3. Load a preprocessing class like a tokenizer, image processor, feature extractor, or processor:

In [None]:
from transformers import AutoTokenizer

tokenizer = AutoTokenizer.from_pretrained("distilbert-base-uncased")

4. Load a dataset:

In [None]:
from datasets import load_dataset

dataset = load_dataset("rotten_tomatoes")  # doctest: +IGNORE_RESULT

In [6]:
dataset

DatasetDict({
    train: Dataset({
        features: ['text', 'label'],
        num_rows: 8530
    })
    validation: Dataset({
        features: ['text', 'label'],
        num_rows: 1066
    })
    test: Dataset({
        features: ['text', 'label'],
        num_rows: 1066
    })
})

By default we downloaded the whole dataset including validation and test data.

In [19]:
dataset['train'].features

{'text': Value(dtype='string', id=None),
 'label': ClassLabel(names=['neg', 'pos'], id=None)}

We have 2 labels: neg and pos

Lets print the third row

In [18]:
dataset['train'][2]

{'text': 'effective but too-tepid biopic', 'label': 1}

5. Create a function to tokenize the dataset:

In [None]:
def tokenize_dataset(dataset):
    return tokenizer(dataset["text"])

#Then apply it over the entire dataset with map:
dataset = dataset.map(tokenize_dataset, batched=True)

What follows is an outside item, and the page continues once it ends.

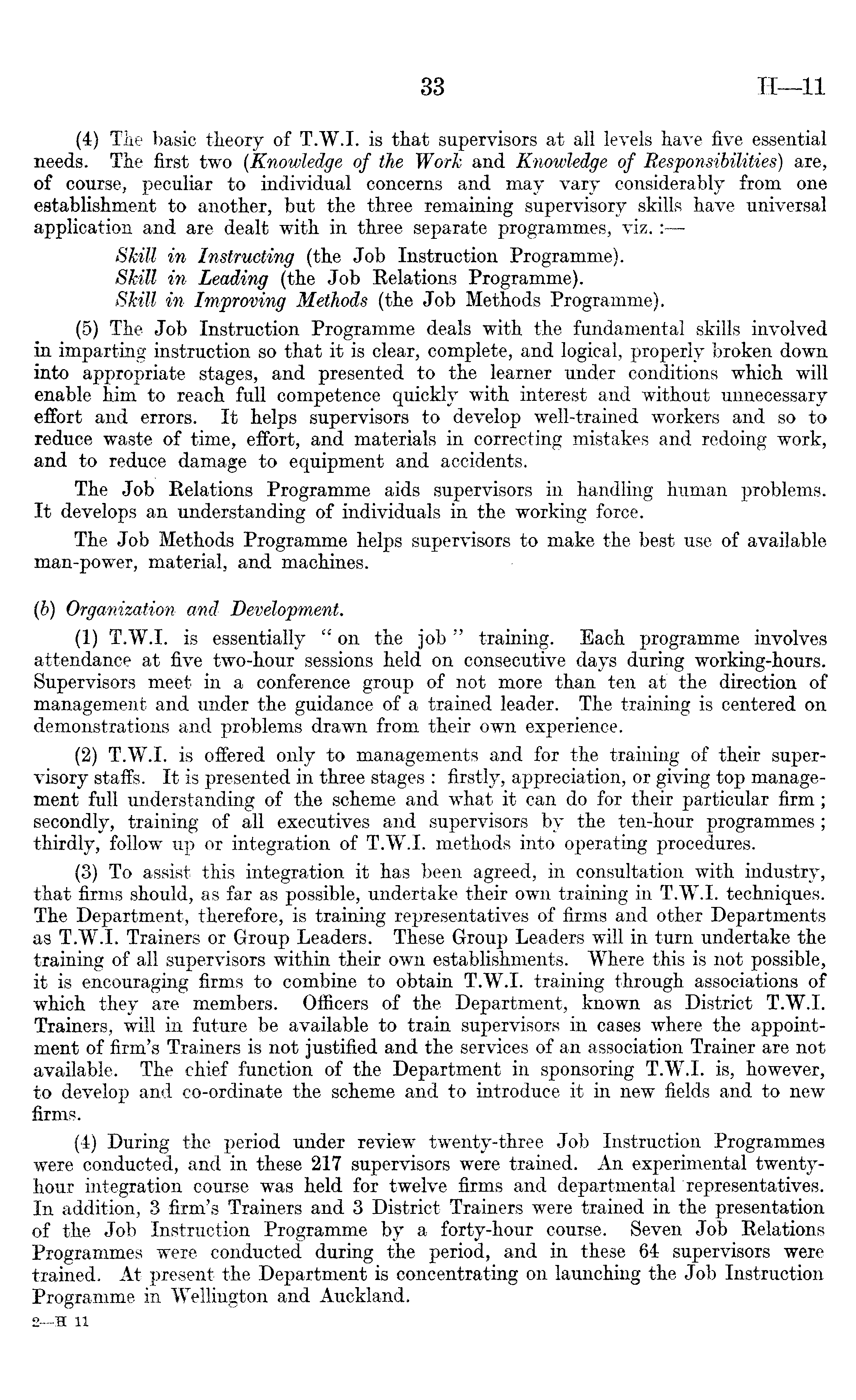 (4) The basic theory of T.W.I, is that supervisors at all levels have five essential needs. The first two (Knowledge of the Work and Knowledge of Responsibilities) are, of course, peculiar to individual concerns and may vary considerably from one establishment to another, but the three remaining supervisory skills have universal application and are dealt with in three separate programmes, viz. : Skill in Instructing (the Job Instruction Programme). Skill in Leading (the Job Relations Programme). Skill in Improving Methods (the Job Methods Programme). (5) The Job Instruction Programme deals with the fundamental skills involved in imparting instruction so that it is clear, complete, and logical, properly broken down into appropriate stages, and presented to the learner under conditions which will enable him to reach full competence quickly with interest and without unnecessary effort and errors. It helps supervisors to develop well-trained workers and so to reduce waste of time, effort, and materials in correcting mistakes and redoing work, and to reduce damage to equipment and accidents. The Job Relations Programme aids supervisors in handling human problems. It develops an understanding of individuals in the working force. The Job Methods Programme helps supervisors to make the best use of available man-power, material, and machines. (b) Organization and Development. (1) T.W.I, is essentially "on the job " training. Each programme involves attendance at five two-hour sessions held on consecutive days during working-hours. Supervisors meet in a conference group of not more than ten at the direction of management and under the guidance of a trained leader. The training is centered on demonstrations and problems drawn from their own experience. (2) T.W.I, is offered only to managements and for the training of their supervisory staffs. It is presented in three stages : firstly, appreciation, or giving top management full understanding of the scheme and what it can do for their particular firm; secondly, training of all executives and supervisors by the ten-hour programmes ; thirdly, follow up or integration of T.W.I, methods into operating procedures. (3) To assist this integration it has been agreed, in consultation with industry, that firms should, as far as possible, undertake their own training in T.W.I, techniques. The Department, therefore, is training representatives of firms and other Departments as T.W.I. Trainers or Group Leaders. These Group Leaders will in turn undertake the training of all supervisors within their own establishments. Where this is not possible, it is encouraging firms to combine to obtain T.W.I, training through associations of which they are members. Officers of the Department, known as District T.W.I. Trainers, will in future be available to train supervisors in cases where the appointment of firm's Trainers is not justified and the services of an association Trainer are not available. The chief function of the Department in sponsoring T.W.I, is, however, to develop and co-ordinate the scheme and to introduce it in new fields and to new firms. (4) During the period under review twenty-three Job Instruction Programmes were conducted, and in these 217 supervisors were trained. An experimental twentyhour integration course was held for twelve firms and departmental representatives. In addition, 3 firm's Trainers and 3 District Trainers were trained in the presentation of the Job Instruction Programme by a forty-hour course. Seven Job Relations Programmes were conducted during the period, and in these 64 supervisors were trained. At present the Department is concentrating on launching the Job Instruction Programme in Wellington and Auckland.

If we print again, we can see the input_ids and attention_mask keys

In [23]:
dataset['train'][2]

{'text': 'effective but too-tepid biopic',
 'label': 1,
 'input_ids': [101, 4621, 2021, 2205, 1011, 8915, 23267, 16012, 24330, 102],
 'attention_mask': [1, 1, 1, 1, 1, 1, 1, 1, 1, 1]}

6. A [DataCollatorWithPadding](https://huggingface.co/docs/transformers/v4.37.0/en/main_classes/data_collator#transformers.DataCollatorWithPadding) to create a batch of examples from your dataset:

In [24]:
from transformers import DataCollatorWithPadding

data_collator = DataCollatorWithPadding(tokenizer=tokenizer)

Now gather all these classes in Trainer:

In [26]:
from transformers import Trainer

trainer = Trainer(
    model=model,
    args=training_args,
    train_dataset=dataset["train"],
    eval_dataset=dataset["test"],
    tokenizer=tokenizer,
    data_collator=data_collator,
)  # doctest: +SKIP

When you’re ready, call train() to start training:

In [27]:
trainer.train()

  0%|          | 0/1067 [00:00<?, ?it/s]

You're using a DistilBertTokenizerFast tokenizer. Please note that with a fast tokenizer, using the `__call__` method is faster than using a method to encode the text followed by a call to the `pad` method to get a padded encoding.


{'loss': 0.4611, 'learning_rate': 1.0627928772258671e-05, 'epoch': 0.47}
{'loss': 0.3775, 'learning_rate': 1.2558575445173386e-06, 'epoch': 0.94}
{'train_runtime': 1039.761, 'train_samples_per_second': 8.204, 'train_steps_per_second': 1.026, 'train_loss': 0.4154262435469766, 'epoch': 1.0}


TrainOutput(global_step=1067, training_loss=0.4154262435469766, metrics={'train_runtime': 1039.761, 'train_samples_per_second': 8.204, 'train_steps_per_second': 1.026, 'train_loss': 0.4154262435469766, 'epoch': 1.0})

In [None]:
pred=trainer.predict(dataset['test'])

In [37]:
dataset['test'][2]['text']

'it\'s like a " big chill " reunion of the baader-meinhof gang , only these guys are more harmless pranksters than political activists .'

In [31]:
pred.label_ids

array([1, 1, 1, ..., 0, 0, 0], dtype=int64)

In [40]:
pred.predictions[2]

array([ 0.7101512, -0.651096 ], dtype=float32)

You can customize the training loop behavior by subclassing the methods inside Trainer. This allows you to customize features such as the loss function, optimizer, and scheduler.

The other way to customize the training loop is by using Callbacks. You can use callbacks to integrate with other libraries and inspect the training loop to report on progress or stop the training early. Callbacks do not modify anything in the training loop itself. To customize something like the loss function, you need to subclass the Trainer instead.